Third Party Distribution Channels: The Changing Landscape of Third Party Booking Channels

Third Party Distribution Channels: The Changing Landscape of Third Party Booking Channels
mm
VRM Intel Staff
January 29, 2016

Love them or hate them, third party distribution channels have fundamentally changed the way consumers shop for vacation rentals and the way property managers find new guests. When HomeAway purchased VRBO.com in 2006, the idea of paying a third party to market homes to guests seemed like a feasible idea to boost shoulder season bookings and fill hard-to-sell inventory. But paying a third party channel for peak season bookings seemed…well…foolish.
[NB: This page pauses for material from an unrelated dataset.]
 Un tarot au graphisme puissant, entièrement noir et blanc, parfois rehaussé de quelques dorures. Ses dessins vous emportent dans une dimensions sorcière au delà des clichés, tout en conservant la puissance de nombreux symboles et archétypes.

But in 2006 listing a home on VRBO.com was cheap. At $299 per listing, it only took a handful of bookings to produce an acceptable return on investment, and VRBO.com had traffic from guests looking for a deal. As a result, HomeAway continued to sign up properties by the hundreds and then by the thousands, and when possible, HomeAway acquired other third party websites with thousands of properties. As Amazon and others have proven, consumers like to shop where there is the most selection, and with increased supply came more guests which further increased supply, and so on.

In 2007 another third party channel launched which initially focused solely on professionally managed vacation rentals with an added element of reviews. This distribution channel was called FlipKey, and it attracted investment from TripAdvisor in 2008 – in the same year that Brian Chesky and his roommate Joe Gebbia were selling “Obama O’s” and “Cap’n McCains” cereal to raise enough money to get their idea off the ground for a company called Airbnb.
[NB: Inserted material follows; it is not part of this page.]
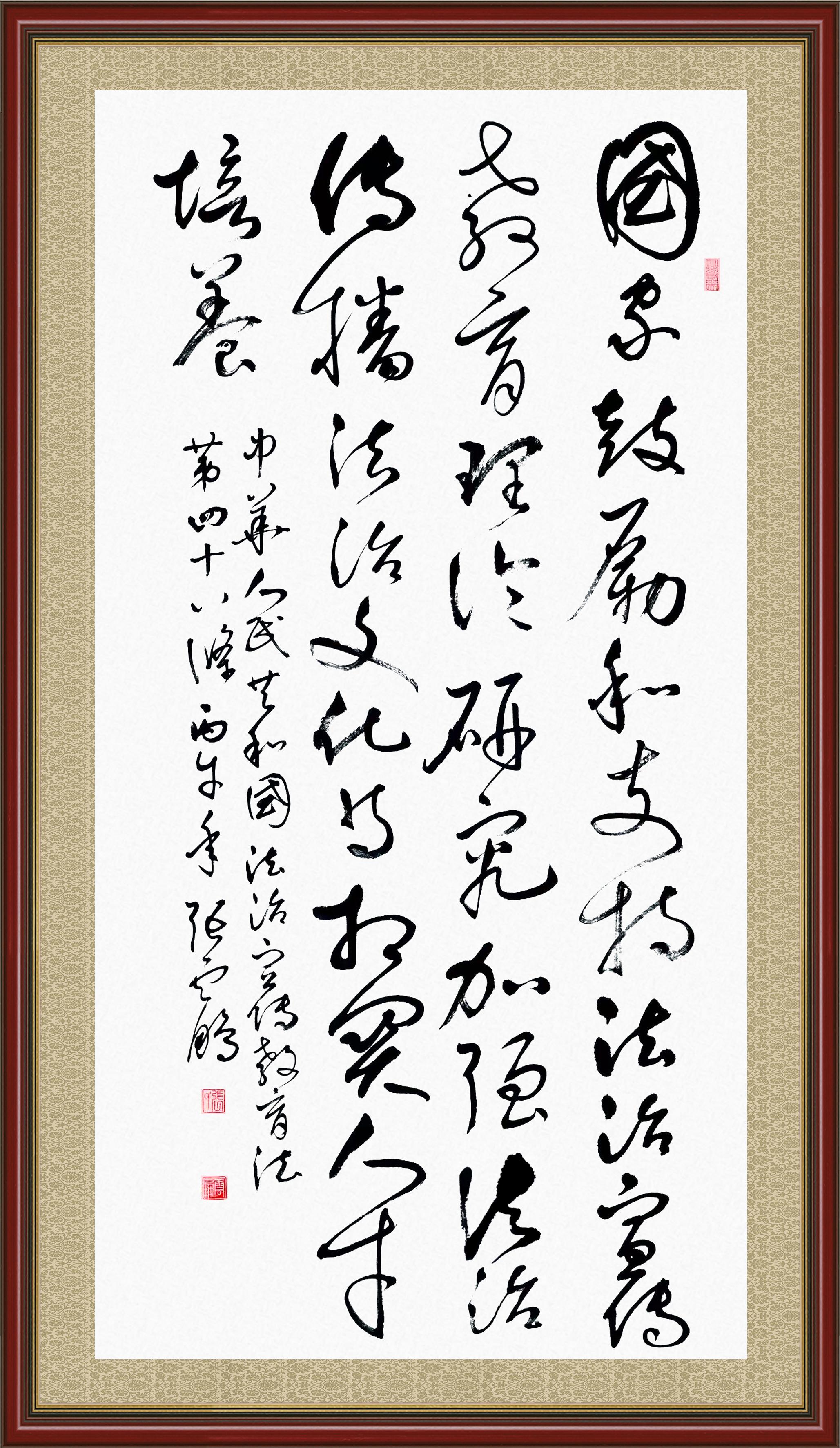 2020年7月11日,由法治日報(bào)社主辦的“書·法”系列活動(dòng)正式啟動(dòng),先后書寫《中華人民共和國民法典》《中華人民共和國憲法》《中華人民共和國民營經(jīng)濟(jì)促進(jìn)法》等21部法律法規(guī)。

Fast forward through a plethora of fundraising, acquisitions, successes, and failures including: Orbitz’s failed entry into vacation rentals via a partnership with Zonder, HomeAway’s transition into a publicly traded company, Expedia’s spin-off of TripAdvisor, the VRMA’s defunct Switch initiative, TripAdvisor’s purchase of FlipKey, Booking.com’s 2012 introduction of vacation rentals, Expedia’s 2013 slow-moving partnership with HomeAway, the launch of metasearch via Tripping.com, HomeAway’s partnership with Kayak, Airbnb’s steady and uninhibited ability to raise capital, and Expedia’s purchase of HomeAway. Now we find ourselves in present-day 2016 with third party channels that are almost essential in attracting new guests to vacation rental properties.

 

Listing Growth of Third Party Channels

 

While there are hundreds of third party channels for vacation rentals, the market is becoming slightly less fragmented with four major channels taking the lead: Airbnb, Booking.com, HomeAway, and TripAdvisor.
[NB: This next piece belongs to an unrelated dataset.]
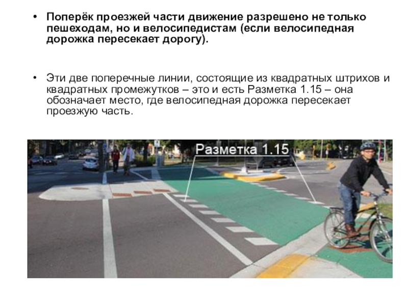 Разметка 1.15 (две прерывистые поперечные линии с квадратными штрихами и квадратными промежутками) – обозначает место, где велосипедная дорожка пересекает проезжую часть.

When TripAdvisor entered the vacation rental industry with FlipKey in 2008, FlipKey had 50,000 professionally managed listings. By 2011, they had opened up their model to owner managed homes and had grown to over 160,000 listings. This year the company began adding shared accommodations and increased inventory to a reported 720,000 listings by the middle of 2015.

HomeAway purchased VRBO.com in 2006 with 65,000 listings. In 2011, HomeAway took the company public and expanded to 641,000 listings by the end of the year. With a steady flow of market-leading acquisitions and growth in inventory, HomeAway reported 1,185,000 listings in the second quarter of 2015.

Founded in 2008, Airbnb fought their way into the short term rental market game. With small funds and big ideas, the founders joined Y Combinator’s winter incubator session in 2009 for three months of training. In 2010, they raised $7.2 million and in 2011, actor and partner at A-Grade Investments Ashton Kutcher announced a significant investment in Airbnb. in 2015, Airbnb reported 1.5 million listings, is the third most valuable venture capital-backed company in the world, and is currently valued at $25.5 billion.

Booking.com entered the vacation market in late 2012 and by the end of 2013 had accumulated over 100,000 listings. Their model requires “instantly bookable” vacation homes. In 2014, they launched Villas.com, which has grown to over 350,000 listings as of August 2015, proving to the industry that an online marketplace can build a large supply of verified, instantly bookable vacation rentals.

 

Pricing Models

A variety of pricing models exist among the four major vacation rental marketplaces. Airbnb charges a 3-5% transaction fee to owners/hosts/managers and a 6-12% fee to the traveler. Airbnb collects money from the guest upfront and released payment to the “host” 24 hours after check-in. Booking.com also operates solely on a performance-based pricing model with owner/manager fees of up to 15% of the transaction.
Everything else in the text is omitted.